---- SUPPLIED INFORMATION

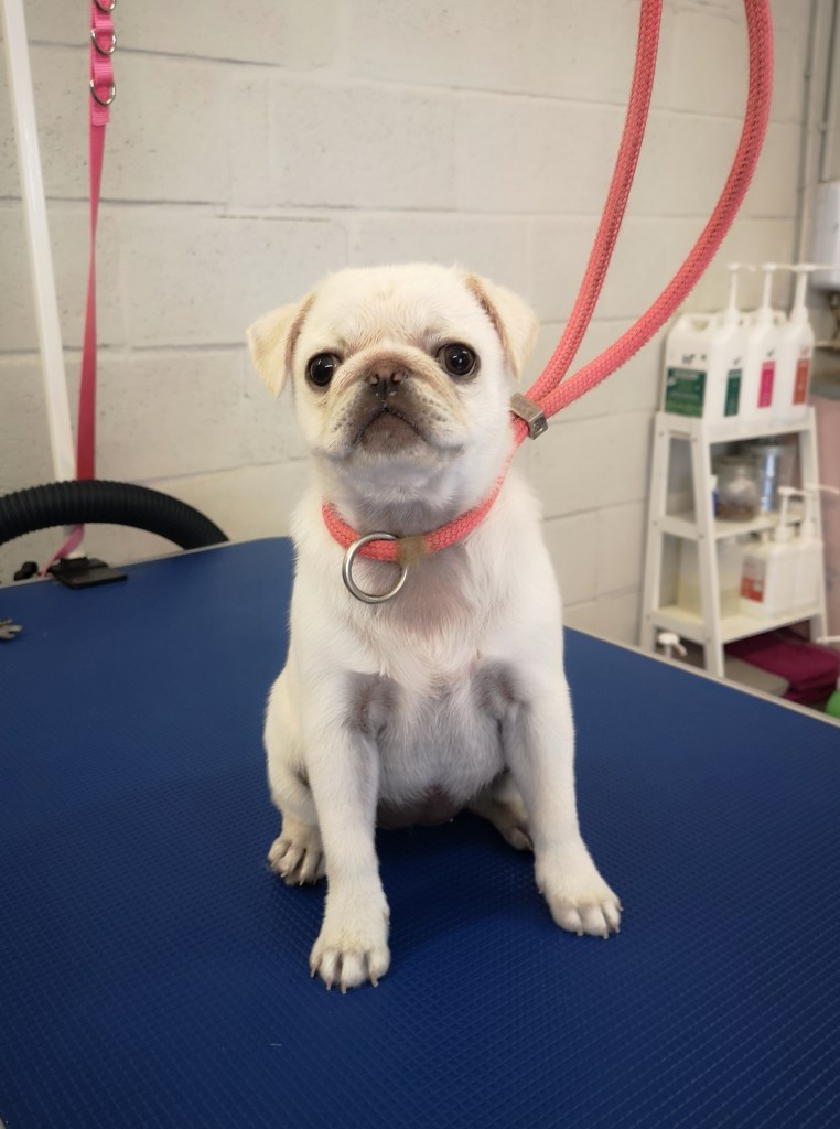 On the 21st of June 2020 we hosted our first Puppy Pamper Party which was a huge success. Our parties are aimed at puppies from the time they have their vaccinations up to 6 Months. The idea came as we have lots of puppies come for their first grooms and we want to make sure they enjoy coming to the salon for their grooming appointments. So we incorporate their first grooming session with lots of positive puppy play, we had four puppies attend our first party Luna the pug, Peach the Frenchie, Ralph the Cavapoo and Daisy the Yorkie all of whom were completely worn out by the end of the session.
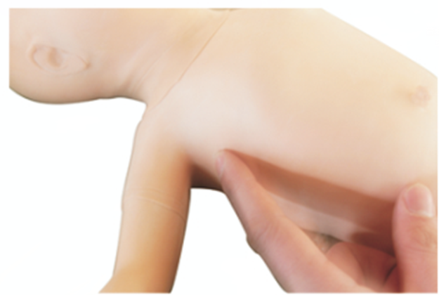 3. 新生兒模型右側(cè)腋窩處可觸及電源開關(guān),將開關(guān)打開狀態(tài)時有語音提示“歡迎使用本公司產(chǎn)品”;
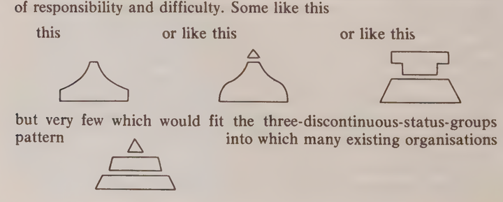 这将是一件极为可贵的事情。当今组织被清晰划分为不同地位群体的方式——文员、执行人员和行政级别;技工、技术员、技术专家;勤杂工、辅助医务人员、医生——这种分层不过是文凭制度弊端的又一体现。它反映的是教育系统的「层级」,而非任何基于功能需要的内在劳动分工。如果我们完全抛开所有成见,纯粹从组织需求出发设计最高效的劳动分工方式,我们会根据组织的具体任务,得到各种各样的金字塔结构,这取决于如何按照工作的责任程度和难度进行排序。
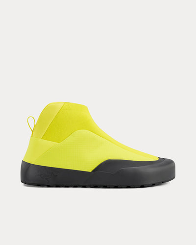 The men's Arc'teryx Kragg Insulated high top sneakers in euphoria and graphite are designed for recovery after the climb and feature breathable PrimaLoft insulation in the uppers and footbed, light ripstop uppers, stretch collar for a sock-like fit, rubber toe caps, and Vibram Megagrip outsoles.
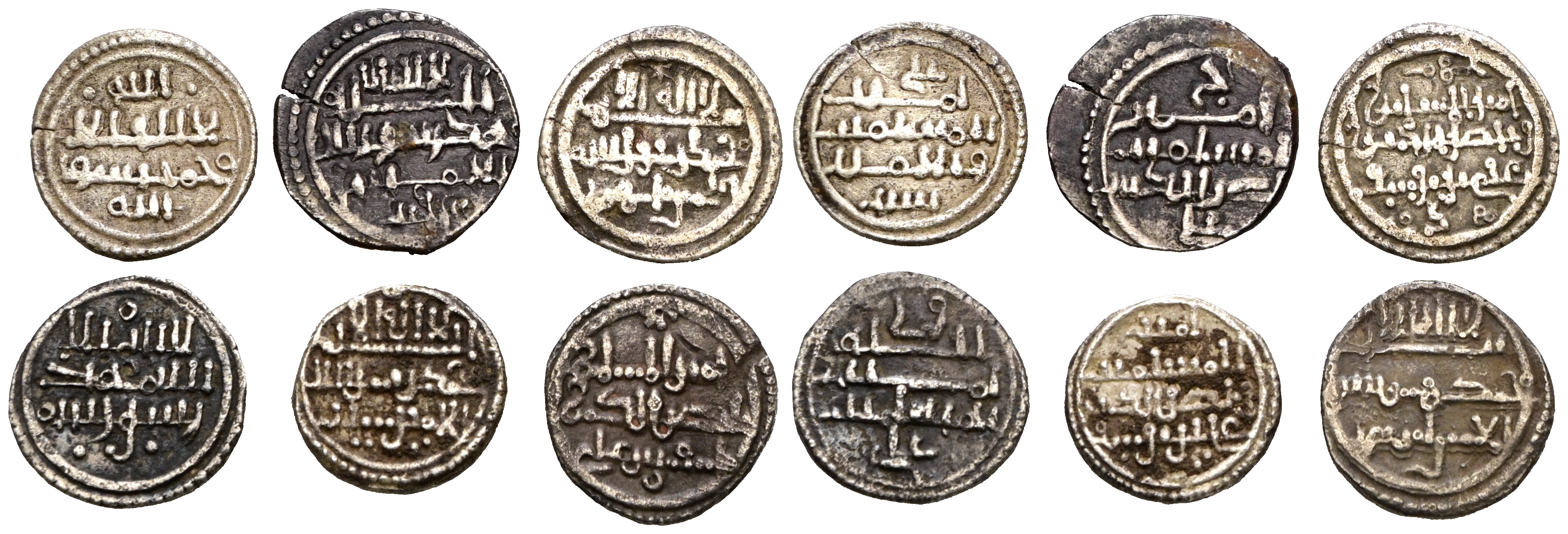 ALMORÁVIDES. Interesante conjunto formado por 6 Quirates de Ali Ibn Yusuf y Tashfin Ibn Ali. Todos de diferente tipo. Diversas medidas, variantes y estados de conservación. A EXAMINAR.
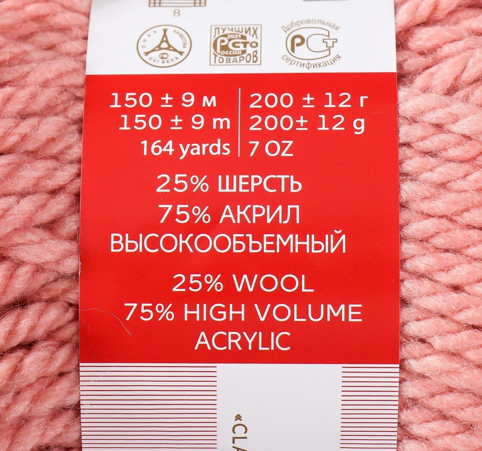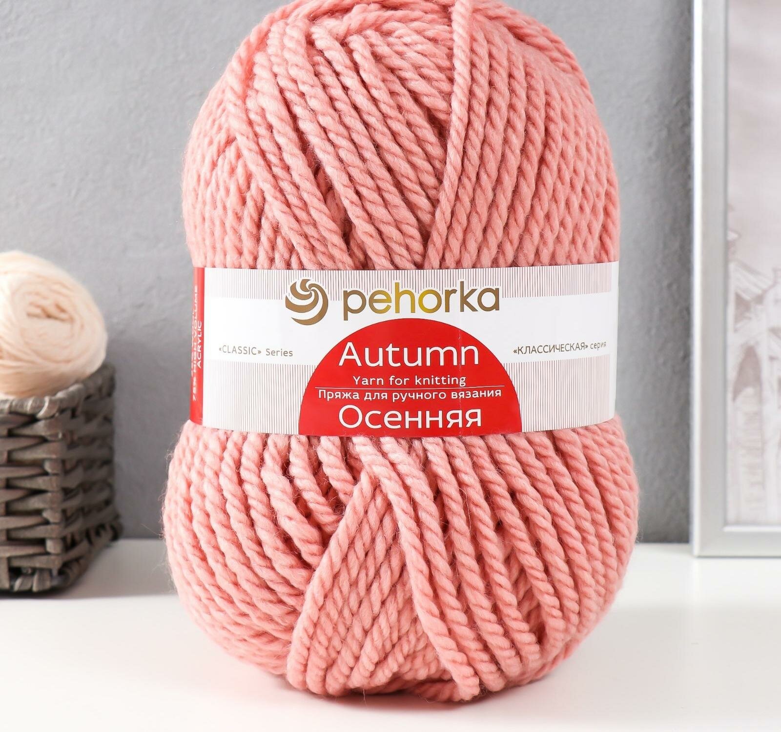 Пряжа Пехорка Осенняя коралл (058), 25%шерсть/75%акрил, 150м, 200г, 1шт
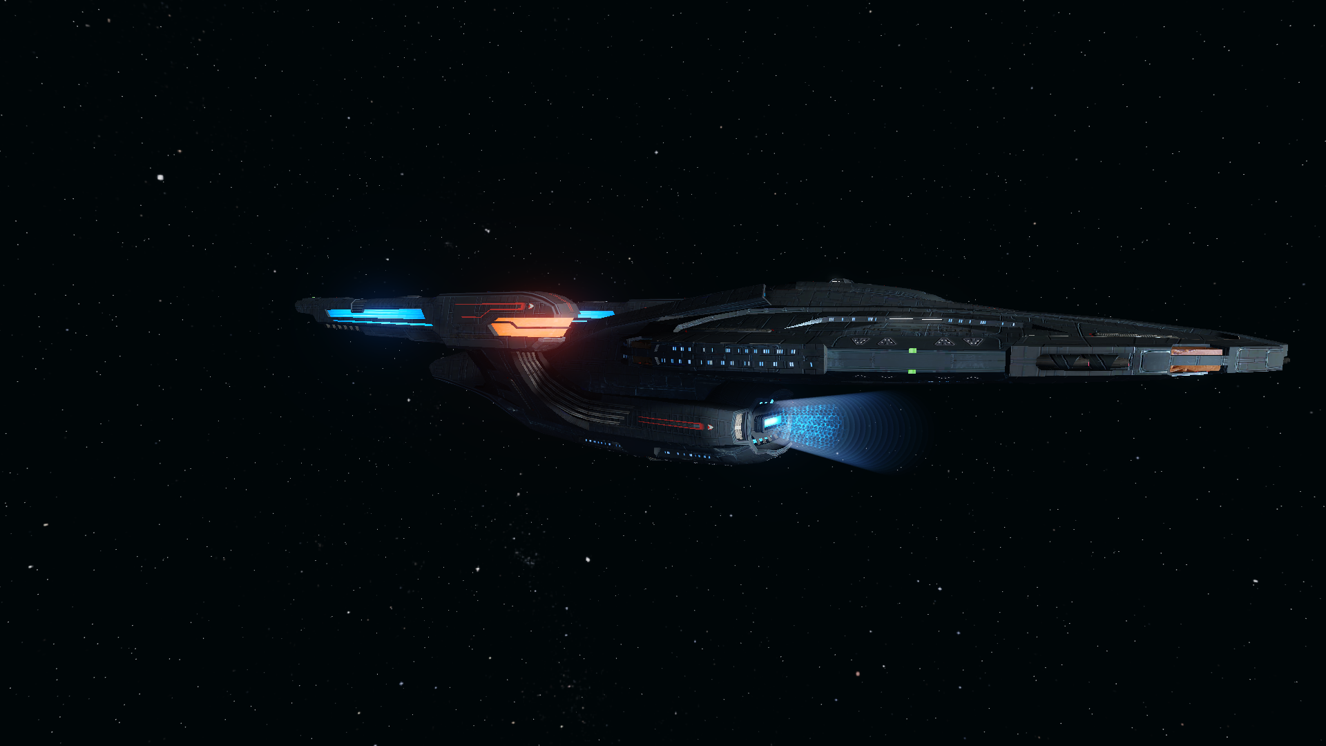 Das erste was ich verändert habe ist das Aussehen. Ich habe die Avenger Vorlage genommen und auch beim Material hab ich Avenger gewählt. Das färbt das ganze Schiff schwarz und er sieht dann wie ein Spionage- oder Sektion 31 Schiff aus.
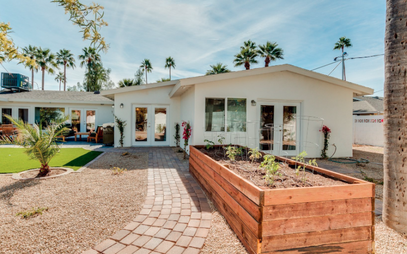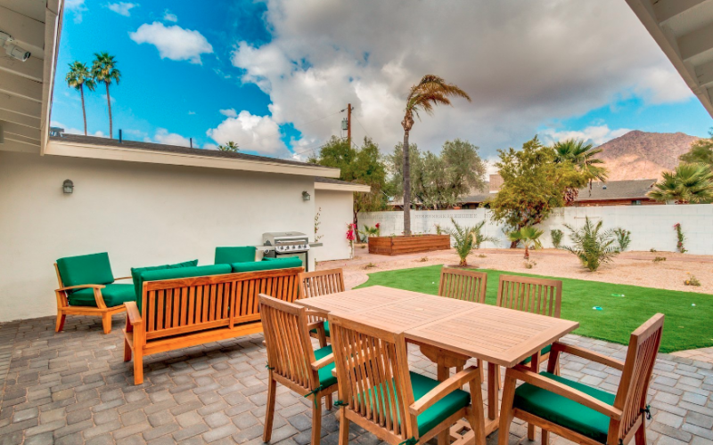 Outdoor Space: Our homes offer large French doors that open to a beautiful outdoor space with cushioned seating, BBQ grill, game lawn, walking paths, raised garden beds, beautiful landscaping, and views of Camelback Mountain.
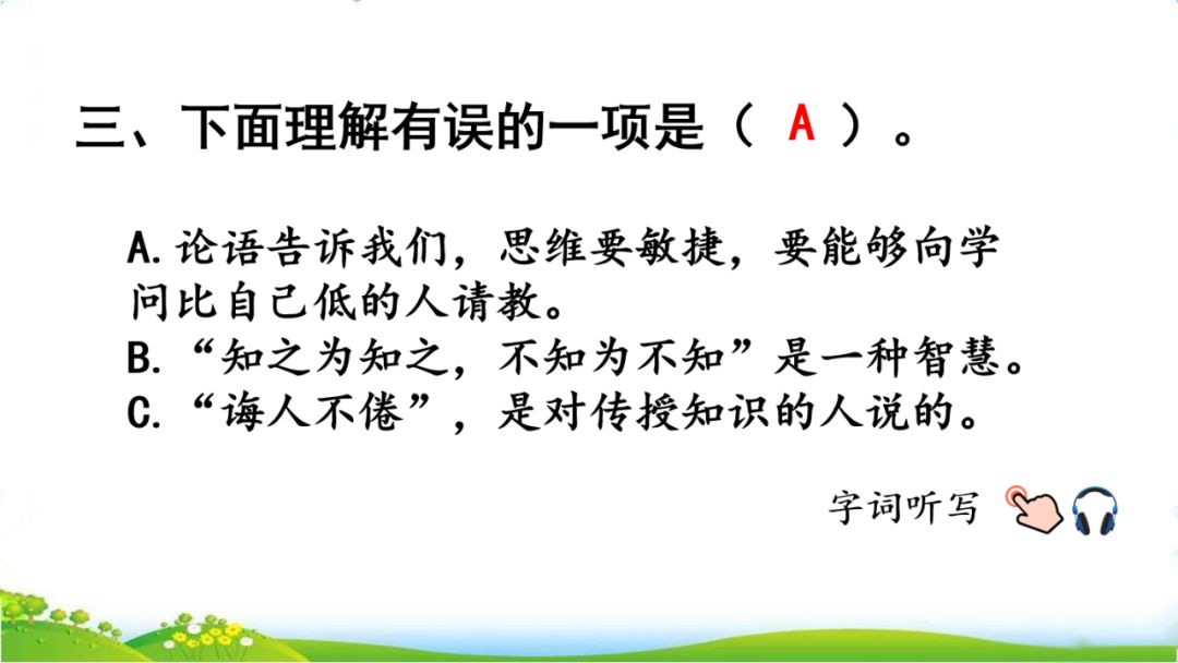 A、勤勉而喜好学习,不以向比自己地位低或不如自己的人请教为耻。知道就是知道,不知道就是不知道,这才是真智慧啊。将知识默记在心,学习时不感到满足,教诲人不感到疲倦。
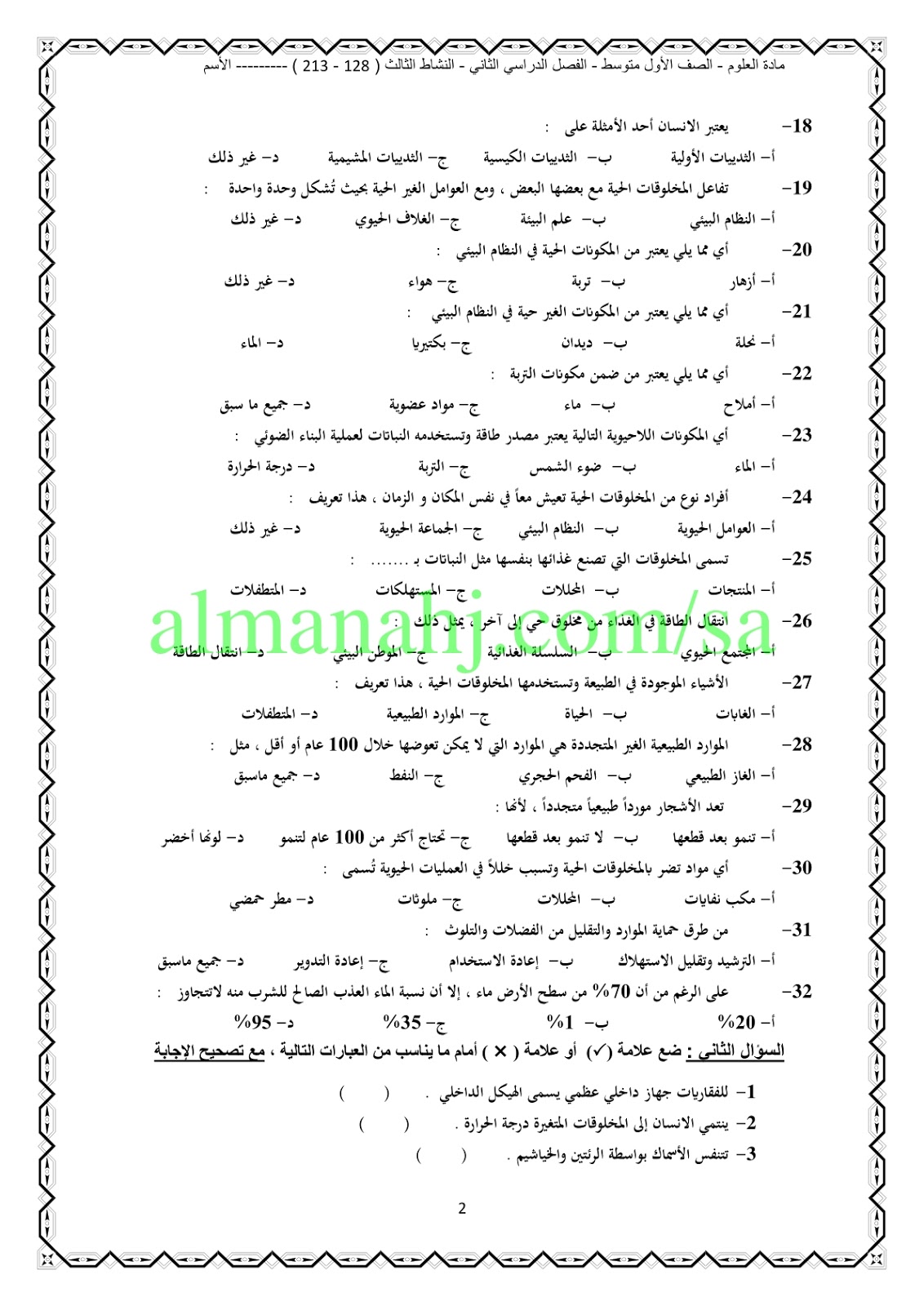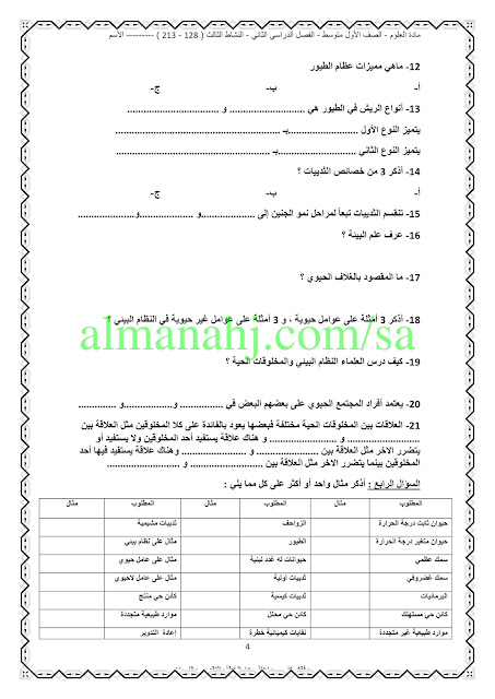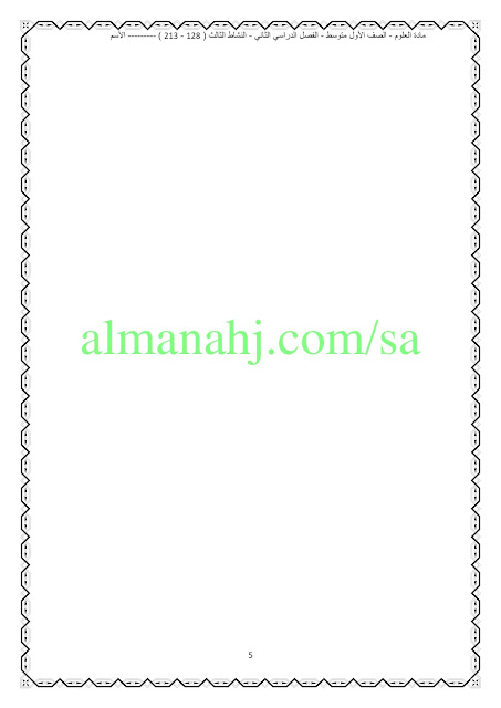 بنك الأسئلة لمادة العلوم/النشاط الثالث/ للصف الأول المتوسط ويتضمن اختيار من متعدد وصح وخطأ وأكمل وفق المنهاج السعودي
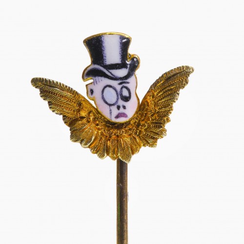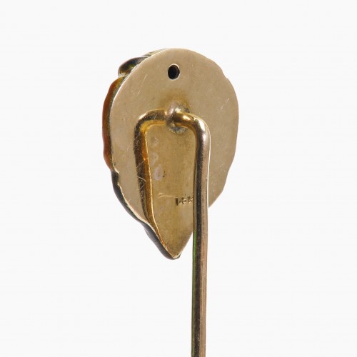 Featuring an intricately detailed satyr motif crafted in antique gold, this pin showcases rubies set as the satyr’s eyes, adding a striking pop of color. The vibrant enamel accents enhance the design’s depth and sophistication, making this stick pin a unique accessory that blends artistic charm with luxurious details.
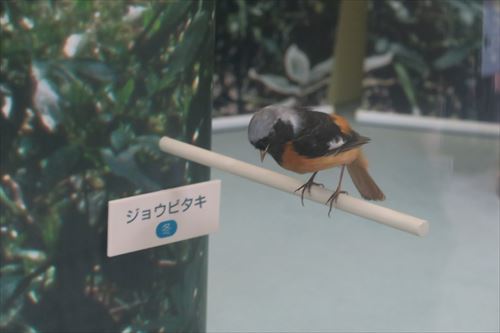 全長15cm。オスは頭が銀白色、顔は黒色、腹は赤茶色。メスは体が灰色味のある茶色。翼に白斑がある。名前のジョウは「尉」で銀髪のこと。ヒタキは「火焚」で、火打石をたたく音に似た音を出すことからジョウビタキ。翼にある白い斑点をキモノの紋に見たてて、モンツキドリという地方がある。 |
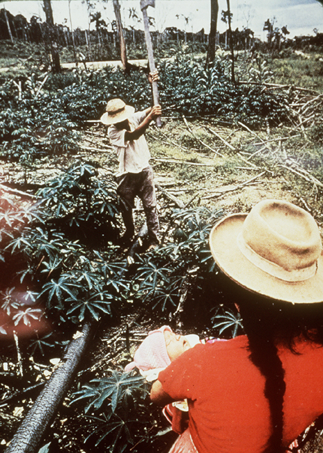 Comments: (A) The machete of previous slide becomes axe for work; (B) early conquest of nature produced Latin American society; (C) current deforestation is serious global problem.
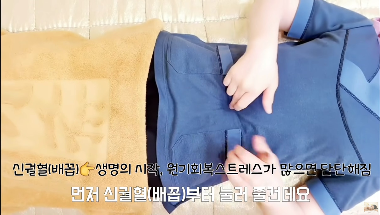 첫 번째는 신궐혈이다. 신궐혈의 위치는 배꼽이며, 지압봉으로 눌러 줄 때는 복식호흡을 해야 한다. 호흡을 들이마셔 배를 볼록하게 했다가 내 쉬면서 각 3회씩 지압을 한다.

--------

* _TASK ITEM_: Please transcribe every entry above exactly, leaving out any pictures.

* _SOLVED PROBLEM_:
 On the 21st of June 2020 we hosted our first Puppy Pamper Party which was a huge success. Our parties are aimed at puppies from the time they have their vaccinations up to 6 Months. The idea came as we have lots of puppies come for their first grooms and we want to make sure they enjoy coming to the salon for their grooming appointments. So we incorporate their first grooming session with lots of positive puppy play, we had four puppies attend our first party Luna the pug, Peach the Frenchie, Ralph the Cavapoo and Daisy the Yorkie all of whom were completely worn out by the end of the session.
 3. 新生兒模型右側(cè)腋窩處可觸及電源開關(guān),將開關(guān)打開狀態(tài)時有語音提示“歡迎使用本公司產(chǎn)品”;
 这将是一件极为可贵的事情。当今组织被清晰划分为不同地位群体的方式——文员、执行人员和行政级别;技工、技术员、技术专家;勤杂工、辅助医务人员、医生——这种分层不过是文凭制度弊端的又一体现。它反映的是教育系统的「层级」,而非任何基于功能需要的内在劳动分工。如果我们完全抛开所有成见,纯粹从组织需求出发设计最高效的劳动分工方式,我们会根据组织的具体任务,得到各种各样的金字塔结构,这取决于如何按照工作的责任程度和难度进行排序。
 The men's Arc'teryx Kragg Insulated high top sneakers in euphoria and graphite are designed for recovery after the climb and feature breathable PrimaLoft insulation in the uppers and footbed, light ripstop uppers, stretch collar for a sock-like fit, rubber toe caps, and Vibram Megagrip outsoles.
 ALMORÁVIDES. Interesante conjunto formado por 6 Quirates de Ali Ibn Yusuf y Tashfin Ibn Ali. Todos de diferente tipo. Diversas medidas, variantes y estados de conservación. A EXAMINAR.
 Пряжа Пехорка Осенняя коралл (058), 25%шерсть/75%акрил, 150м, 200г, 1шт
 Das erste was ich verändert habe ist das Aussehen. Ich habe die Avenger Vorlage genommen und auch beim Material hab ich Avenger gewählt. Das färbt das ganze Schiff schwarz und er sieht dann wie ein Spionage- oder Sektion 31 Schiff aus.
 Outdoor Space: Our homes offer large French doors that open to a beautiful outdoor space with cushioned seating, BBQ grill, game lawn, walking paths, raised garden beds, beautiful landscaping, and views of Camelback Mountain.
 A、勤勉而喜好学习,不以向比自己地位低或不如自己的人请教为耻。知道就是知道,不知道就是不知道,这才是真智慧啊。将知识默记在心,学习时不感到满足,教诲人不感到疲倦。
 بنك الأسئلة لمادة العلوم/النشاط الثالث/ للصف الأول المتوسط ويتضمن اختيار من متعدد وصح وخطأ وأكمل وفق المنهاج السعودي
 Featuring an intricately detailed satyr motif crafted in antique gold, this pin showcases rubies set as the satyr’s eyes, adding a striking pop of color. The vibrant enamel accents enhance the design’s depth and sophistication, making this stick pin a unique accessory that blends artistic charm with luxurious details.
 全長15cm。オスは頭が銀白色、顔は黒色、腹は赤茶色。メスは体が灰色味のある茶色。翼に白斑がある。名前のジョウは「尉」で銀髪のこと。ヒタキは「火焚」で、火打石をたたく音に似た音を出すことからジョウビタキ。翼にある白い斑点をキモノの紋に見たてて、モンツキドリという地方がある。 |
 Comments: (A) The machete of previous slide becomes axe for work; (B) early conquest of nature produced Latin American society; (C) current deforestation is serious global problem.
 첫 번째는 신궐혈이다. 신궐혈의 위치는 배꼽이며, 지압봉으로 눌러 줄 때는 복식호흡을 해야 한다. 호흡을 들이마셔 배를 볼록하게 했다가 내 쉬면서 각 3회씩 지압을 한다.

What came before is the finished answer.